“No soy de aquí, ni soy de allá”, cantaba Facundo Cabral, ese filósofo de paradero incierto, que fue cristiano y pagano, borgeano y peronista, de izquierda y escéptico. En otras palabras, un democratacristiano sin partido.
Murió como muchos DC temen terminar: asesinado como víctima colateral en un asunto del que no sabía nada, en tierra ajena, acribillado por error frente a un aeropuerto en Guatemala. No es metáfora. Es destino.
La Democracia Cristiana chilena vive una versión más lenta —y más burocrática— de ese destino. No es de aquí y no de allá pero no de esa manera libre y vagabunda que declaraba para si Facundo Cabral. No es parte del Gobierno, pero tampoco de la oposición. No quiere ser de izquierda ni de derecha sino todo lo contrario. No quiere desaparecer, pero tampoco estar del todo. Flota, como un recuerdo, entre lo que fue y lo que ya no puede ser.
Y si hay alguien que encarna ese estado de suspensión permanente es Alberto Undurraga: ex alcalde de Maipú que no vivía en Maipú, ex ministro de la Nueva Mayoría (sí, la que incluía comunistas), ignaciano de formación, sonriente con la fuerza de los que ya no se permiten llorar.
Como el rey Salomón, Undurraga tiene que partir su partido en dos. Dividirlos entre quienes ven en Jeannette Jara la continuidad de Bachelet, y quienes ven en Evelyn Matthei la versión viable de Frei Ruiz-Tagle. Pero como son democratacristianos entre esos dos polos surge el viejo mito democratacristiano: el camino propio. Alguien que pueda encarnar sus contradicciones y llenar el corazón del partido de alguna fe misionera, algun encantamiento que pueda despertar de la tumba a Radomiro, Bernardo, Gabriel y hasta Eduardo el primero.
¿Y quién mejor para recorrerlo que Undurraga mismo? Solo al timón de un barco que renunció a izar las velas, tratando de no parecerse a los UDI que odia desde el patio de San Joaquín, ni a los comunistas, que es lo otro que un DC sabe que no puede ser porque no creen en Dios.

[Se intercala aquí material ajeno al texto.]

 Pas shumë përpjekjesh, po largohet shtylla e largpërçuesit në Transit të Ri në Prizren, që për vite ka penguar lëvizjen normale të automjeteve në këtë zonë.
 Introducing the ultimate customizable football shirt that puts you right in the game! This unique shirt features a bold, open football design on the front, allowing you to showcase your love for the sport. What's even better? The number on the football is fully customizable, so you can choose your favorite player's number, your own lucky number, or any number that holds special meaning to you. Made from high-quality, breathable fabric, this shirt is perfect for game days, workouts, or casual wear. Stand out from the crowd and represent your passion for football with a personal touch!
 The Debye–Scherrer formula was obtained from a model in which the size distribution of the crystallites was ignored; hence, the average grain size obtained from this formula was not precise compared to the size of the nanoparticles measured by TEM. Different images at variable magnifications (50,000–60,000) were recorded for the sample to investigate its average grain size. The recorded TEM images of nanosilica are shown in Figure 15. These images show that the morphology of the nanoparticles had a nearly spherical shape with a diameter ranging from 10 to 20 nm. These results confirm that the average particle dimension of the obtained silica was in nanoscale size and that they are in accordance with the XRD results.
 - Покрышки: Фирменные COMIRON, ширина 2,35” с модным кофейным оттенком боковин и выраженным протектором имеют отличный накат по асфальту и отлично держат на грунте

¿Ser qué, entonces? Ser o no ser, se preguntaba Hamlet. Pero esa pregunta esconde otra más esencial ¿Qué soy? ¿Quién soy? Alberto Undurraga Vicuña, como Claudio Orrego Larraín, es de aquellos que en la universidad eligieron el lado de los buenos, frente a otros que preferían pactar con los malos. Malos concretos cuando se trataba de la dictadura chilena; malos abstractos cuando se hablaba de Cuba.
La pasión por la pureza que los llevó a la política fue luego, como es natural, manchada por el poder, por la responsabilidad, por los papeles, los escándalos, los pactos improbables… y por el espejo. El espejo donde envejecen las convicciones. El espejo donde uno ve que la gente por la que sacrificaste parte de sus ilusiones y seguridades se va con cualquiera que le promete el oro y el moro. Sobre todo lo primero.

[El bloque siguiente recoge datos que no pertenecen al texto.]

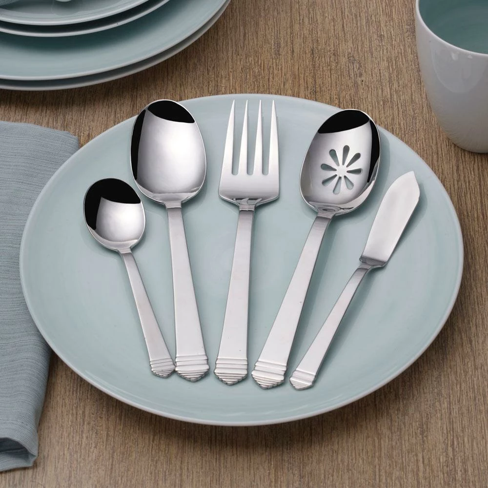 This Towle Colonnade Flatware features a simple, classic shape that will add simple elegance to your decor and its an easy match for any table setting. Crafted of 18/10 stainless steel. 45 piece set, service for eight, includes (8) each: dinner fork, salad fork, dinner knife, dinner spoon and teaspoon, PLUS (1) each: tablespoon, pierced tablespoon, cold meat fork, sugar spoon and butter knife. Dishwasher safe.
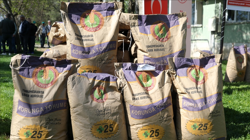 Konuşmaların ardından 150 çiftçiye yüzde 100'ü hibe olan 100 ton korunga tohumunun dağıtımına başlandı.
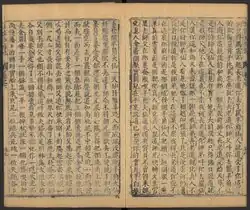 The Three Sui Quash the Demons' Revolt (三遂平妖傳, c. 14th century CE) is an early gods and demons novel attributed to Luo Guanzhong.[5] In the story, Wang Ze begins a rebellion against the government with the aid of magic.[6] The Four Journeys (四遊記, c. 16th century CE) is another early shenmo work composed of four novels and published during the dynasty as a compilation of folk stories.[7] The Story of Han Xiangzi (韓湘子全傳, c. 17th century CE), a Daoist novel from the same period, also shares this supernatural theme but contains heavier religious overtones.[8]

¿Cómo seguir entonces con el corazón limpio cuando el mundo es sucio? Los jóvenes de Iglesia que se fueron con la derecha de Kast no tienen esas dudas. Renunciaron a ser buenos para, en su lugar, intentar ser santos. No tienen dudas, porque saben que las dudas no renta en ningún mercado, ni siquiera en el del cielo impoluto al que acceden a veces rezando.
Pero ser bueno… ¿en un mundo tan malo? ¿Ser bueno y ganar elecciones?
¿Ser mejor y comportarse igual que los demás? Esa es la cruz invisible que se adivina detrás de la sonrisa férrea con que Undurraga explica la indecisión de su partido. Ese es su dolor. Y quizás otro peor.
Porque entre ser y no ser hay una tercera alternativa aún más devastadora: haber sido. Eso es lo que persigue hoy a la Democracia Cristiana en general, y a cada democratacristiano en particular. Fueron árbitros y goleadores, dueños de la bancada más grande, presidentes sin hacer campaña. Lo tuvieron todo y mas. Una vez se olvidaron de inscribir a sus candidatos y todo el sistema político se paro para que enmendaran su error.
Hoy son espectadores de su propio eclipse. Sufren de lo mismo que Inglaterra o Francia: la nostalgia del imperio perdido. Y, como ellas, culpan al empedrado. A veces se culpan entre ellos. A veces se culpan a sí mismos. Pero hay una explicación más simple, y más cruel, que les cuesta aceptar:
Son víctimas —como decía Shakespeare— de la burla del tiempo.
Y es irónico que se lo recuerde —con paciencia marxista y una ceja en alto— un partido más viejo y más pasado de moda que la propia DC: el Partido Comunista.